TASK INSTRUCTIONS: In the records below, repeat exactly the lines between the line holding "1月16日凌晨,由网易云课堂" and the line holding "退休老伯夺得插花比赛一等奖", inclusive, and drop the pictures.

PROVIDED DATA:
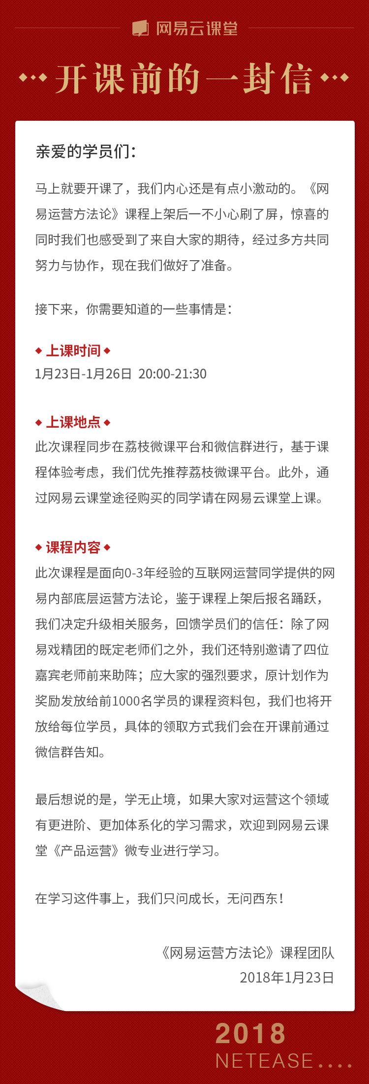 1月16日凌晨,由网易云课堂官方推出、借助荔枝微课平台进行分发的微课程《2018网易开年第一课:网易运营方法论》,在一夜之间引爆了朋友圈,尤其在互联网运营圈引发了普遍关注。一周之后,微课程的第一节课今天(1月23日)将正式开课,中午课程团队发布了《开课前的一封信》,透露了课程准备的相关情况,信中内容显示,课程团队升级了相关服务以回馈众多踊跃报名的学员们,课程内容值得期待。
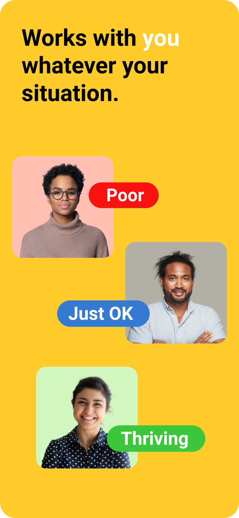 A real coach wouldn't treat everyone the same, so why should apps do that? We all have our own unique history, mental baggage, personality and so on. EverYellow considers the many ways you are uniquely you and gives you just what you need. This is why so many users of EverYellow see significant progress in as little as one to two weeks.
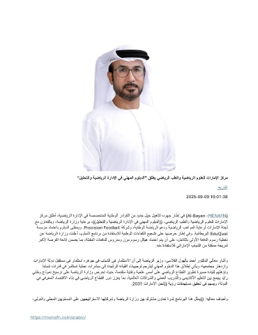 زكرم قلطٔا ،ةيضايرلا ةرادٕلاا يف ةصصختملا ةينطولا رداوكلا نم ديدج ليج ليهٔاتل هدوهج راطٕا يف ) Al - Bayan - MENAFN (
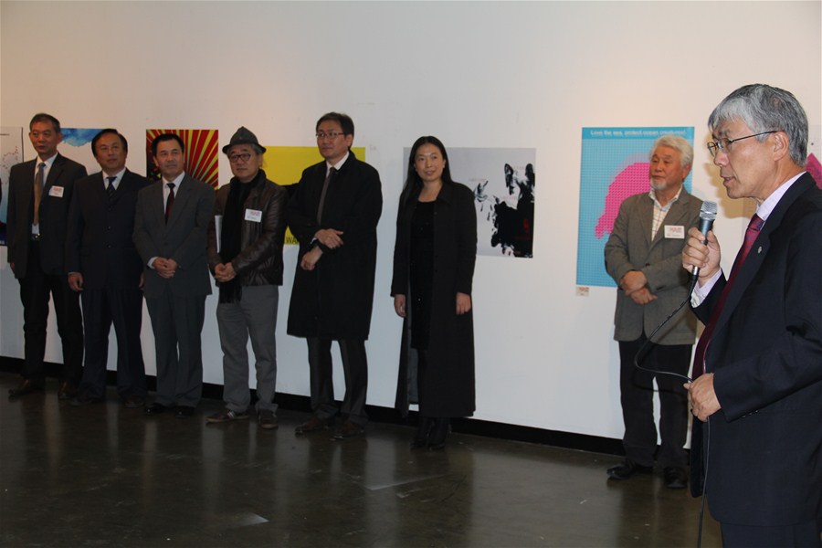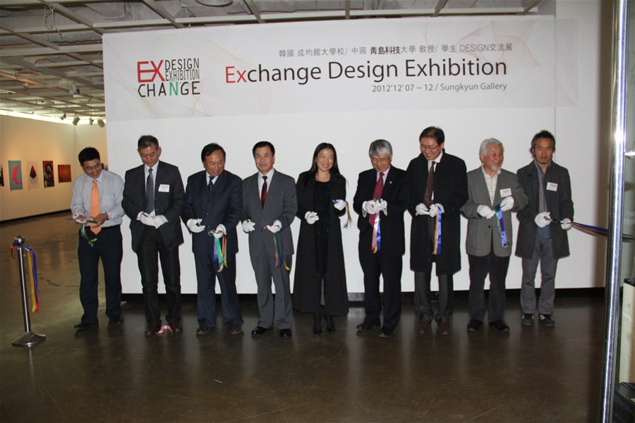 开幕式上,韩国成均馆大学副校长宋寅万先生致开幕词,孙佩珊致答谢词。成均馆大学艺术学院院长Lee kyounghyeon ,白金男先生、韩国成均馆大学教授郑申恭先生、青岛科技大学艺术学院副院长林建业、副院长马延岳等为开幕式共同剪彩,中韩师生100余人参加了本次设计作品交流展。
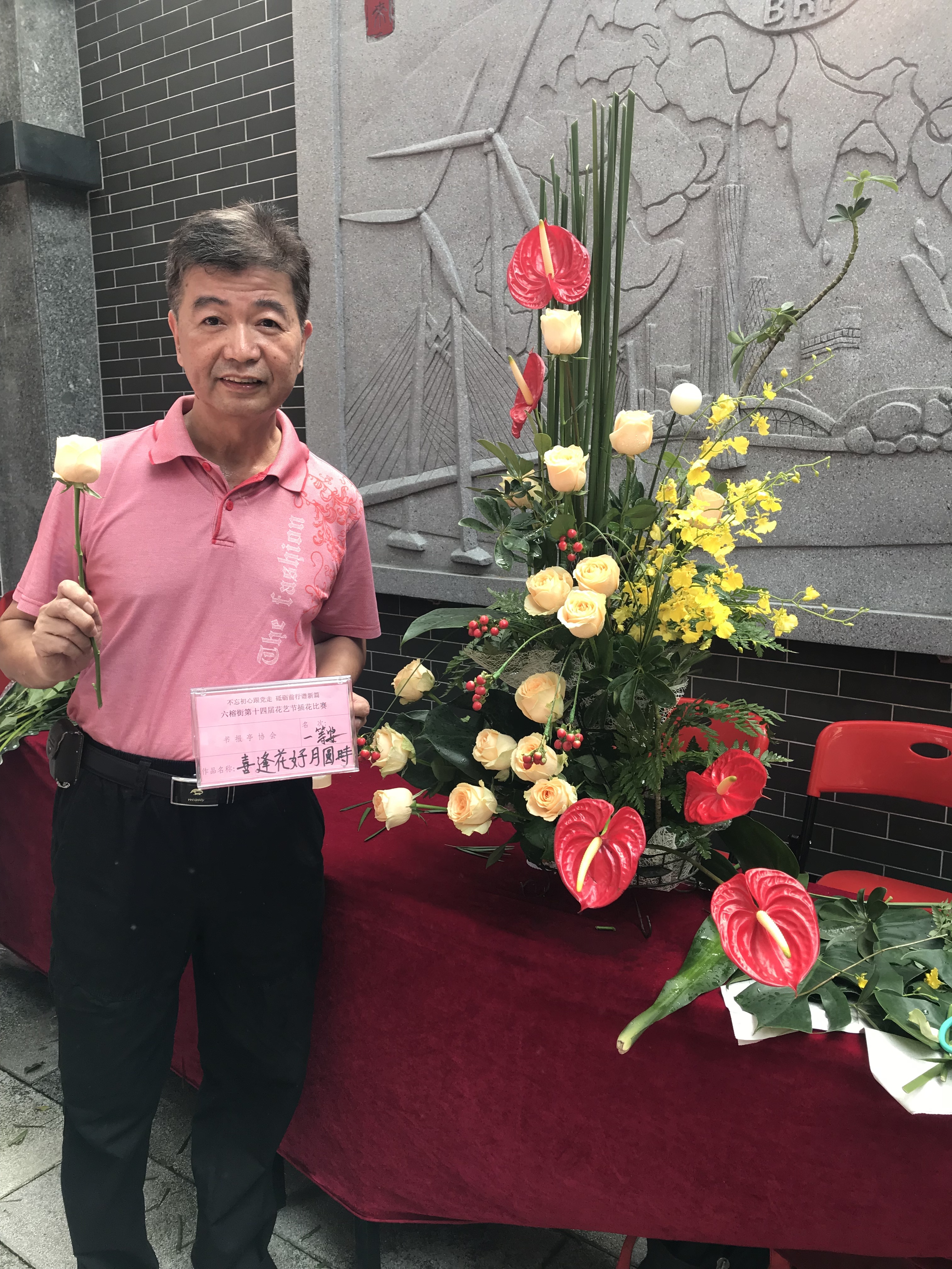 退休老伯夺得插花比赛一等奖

...

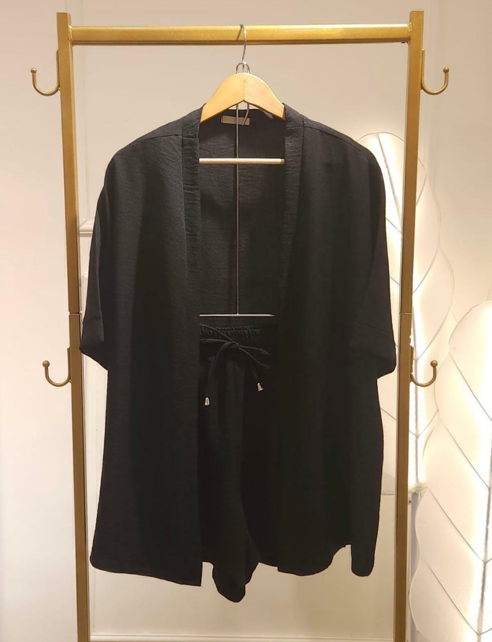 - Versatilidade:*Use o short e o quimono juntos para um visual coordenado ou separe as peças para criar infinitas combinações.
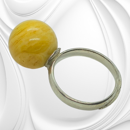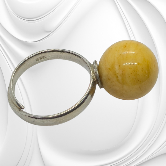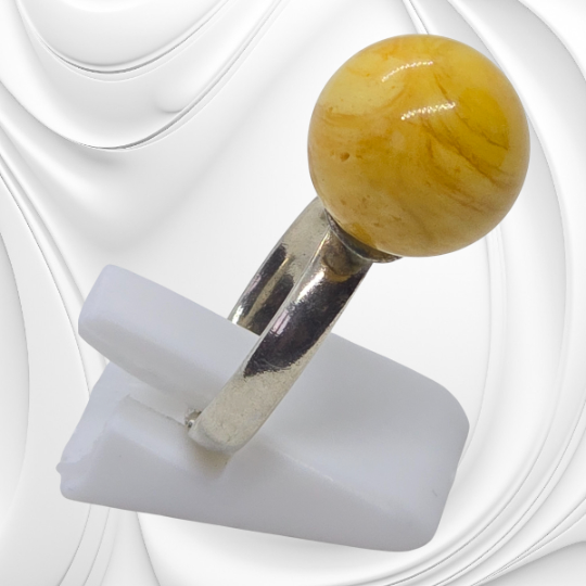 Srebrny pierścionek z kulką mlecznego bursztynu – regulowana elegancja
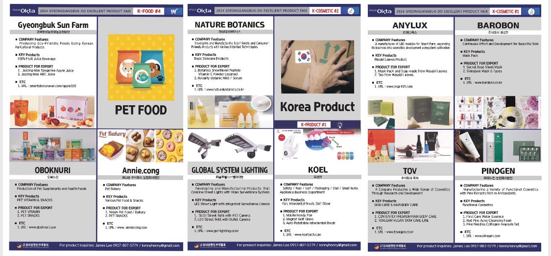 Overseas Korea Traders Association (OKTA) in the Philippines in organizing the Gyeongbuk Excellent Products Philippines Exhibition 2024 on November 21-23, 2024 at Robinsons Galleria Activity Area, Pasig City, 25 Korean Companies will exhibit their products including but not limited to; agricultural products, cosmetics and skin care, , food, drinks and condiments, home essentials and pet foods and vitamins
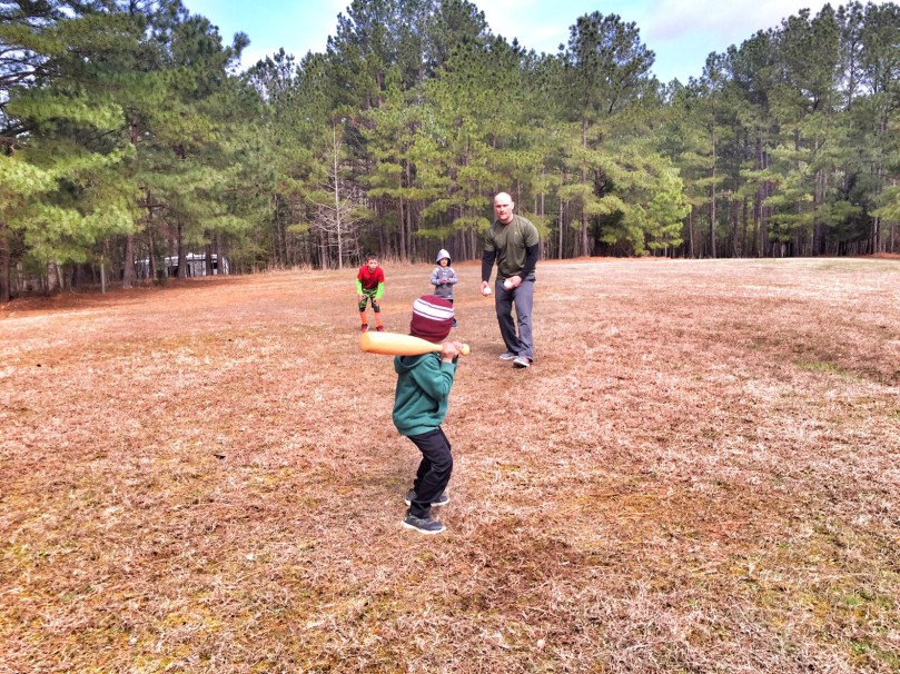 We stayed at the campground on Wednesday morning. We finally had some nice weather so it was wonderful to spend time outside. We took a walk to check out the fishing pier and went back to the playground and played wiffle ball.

REPLY:
 1月16日凌晨,由网易云课堂官方推出、借助荔枝微课平台进行分发的微课程《2018网易开年第一课:网易运营方法论》,在一夜之间引爆了朋友圈,尤其在互联网运营圈引发了普遍关注。一周之后,微课程的第一节课今天(1月23日)将正式开课,中午课程团队发布了《开课前的一封信》,透露了课程准备的相关情况,信中内容显示,课程团队升级了相关服务以回馈众多踊跃报名的学员们,课程内容值得期待。
 A real coach wouldn't treat everyone the same, so why should apps do that? We all have our own unique history, mental baggage, personality and so on. EverYellow considers the many ways you are uniquely you and gives you just what you need. This is why so many users of EverYellow see significant progress in as little as one to two weeks.
 زكرم قلطٔا ،ةيضايرلا ةرادٕلاا يف ةصصختملا ةينطولا رداوكلا نم ديدج ليج ليهٔاتل هدوهج راطٕا يف ) Al - Bayan - MENAFN (
 开幕式上,韩国成均馆大学副校长宋寅万先生致开幕词,孙佩珊致答谢词。成均馆大学艺术学院院长Lee kyounghyeon ,白金男先生、韩国成均馆大学教授郑申恭先生、青岛科技大学艺术学院副院长林建业、副院长马延岳等为开幕式共同剪彩,中韩师生100余人参加了本次设计作品交流展。
 退休老伯夺得插花比赛一等奖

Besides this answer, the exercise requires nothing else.